--- WHAT THE TASK REQUIRES ---
Please write out only the lines from the line with "Деньги фальшивые, фейковые, сувенирные" to the line with "Conserve este manual", inclusive, exactly as they stand below, without the pictures.

--- EXTRACTED DATA ---
#####

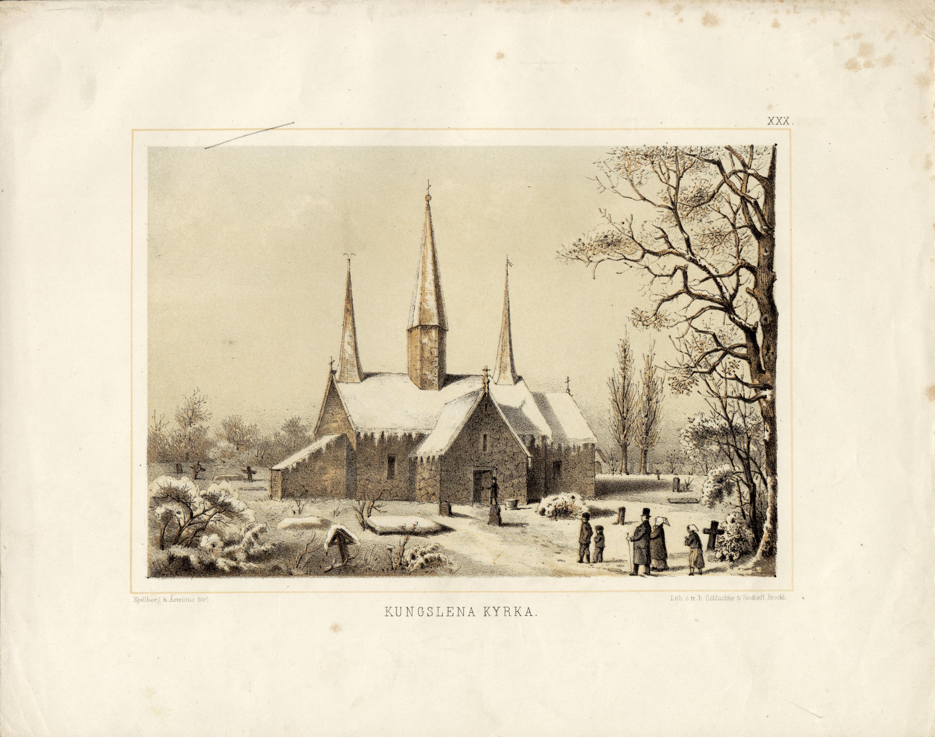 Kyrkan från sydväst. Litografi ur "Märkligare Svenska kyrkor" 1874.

#####

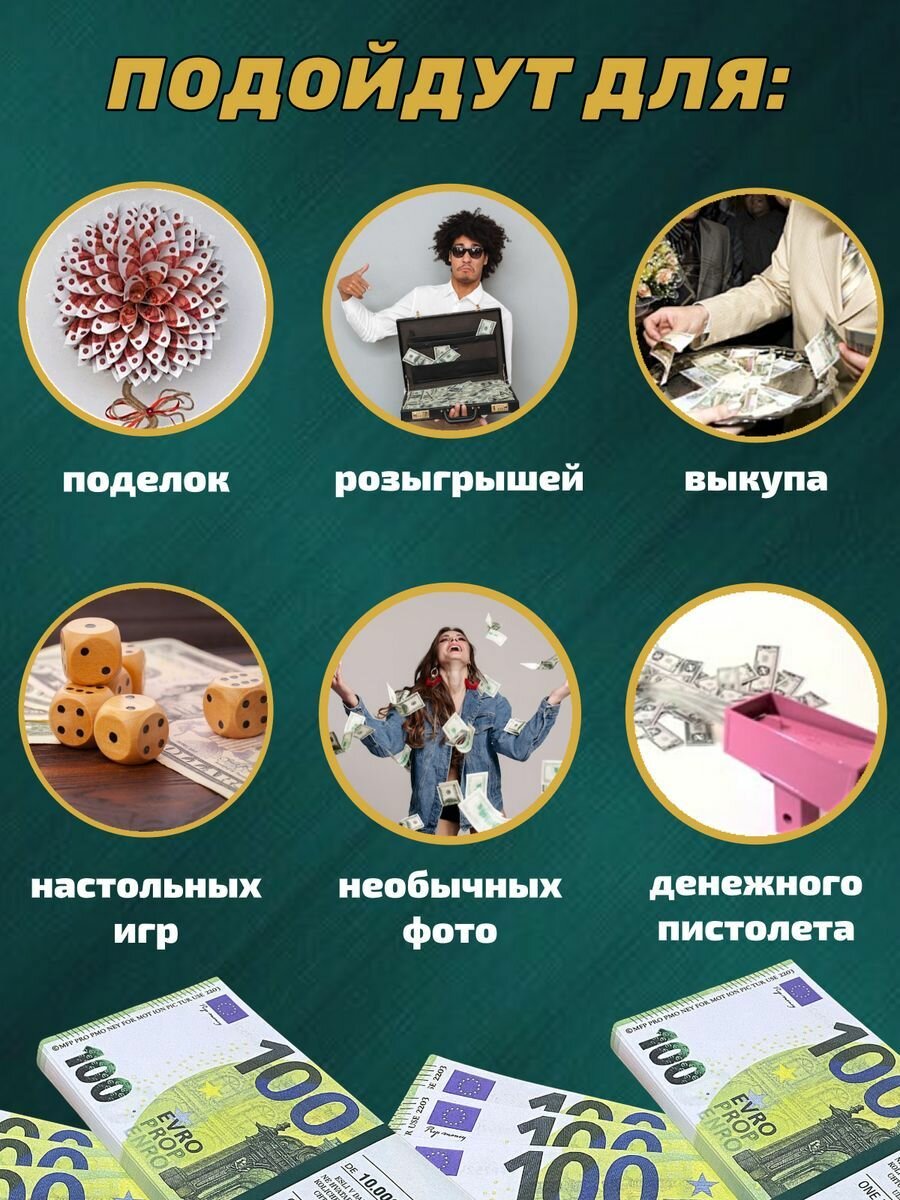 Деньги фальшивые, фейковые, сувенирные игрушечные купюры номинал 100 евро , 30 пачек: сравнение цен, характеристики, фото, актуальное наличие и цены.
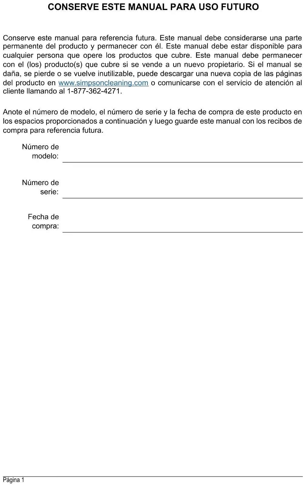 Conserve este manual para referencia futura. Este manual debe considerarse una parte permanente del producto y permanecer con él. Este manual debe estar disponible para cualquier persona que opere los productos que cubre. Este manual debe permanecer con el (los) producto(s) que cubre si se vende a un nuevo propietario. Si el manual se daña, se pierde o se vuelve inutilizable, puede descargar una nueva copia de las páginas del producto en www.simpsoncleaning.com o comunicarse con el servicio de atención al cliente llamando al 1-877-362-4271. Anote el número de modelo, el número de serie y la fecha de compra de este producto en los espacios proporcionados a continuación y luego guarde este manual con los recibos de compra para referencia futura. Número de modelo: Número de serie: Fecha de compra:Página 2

#####

--- YOUR RESPONSE ---
 Деньги фальшивые, фейковые, сувенирные игрушечные купюры номинал 100 евро , 30 пачек: сравнение цен, характеристики, фото, актуальное наличие и цены.
 Conserve este manual para referencia futura. Este manual debe considerarse una parte permanente del producto y permanecer con él. Este manual debe estar disponible para cualquier persona que opere los productos que cubre. Este manual debe permanecer con el (los) producto(s) que cubre si se vende a un nuevo propietario. Si el manual se daña, se pierde o se vuelve inutilizable, puede descargar una nueva copia de las páginas del producto en www.simpsoncleaning.com o comunicarse con el servicio de atención al cliente llamando al 1-877-362-4271. Anote el número de modelo, el número de serie y la fecha de compra de este producto en los espacios proporcionados a continuación y luego guarde este manual con los recibos de compra para referencia futura. Número de modelo: Número de serie: Fecha de compra:Página 2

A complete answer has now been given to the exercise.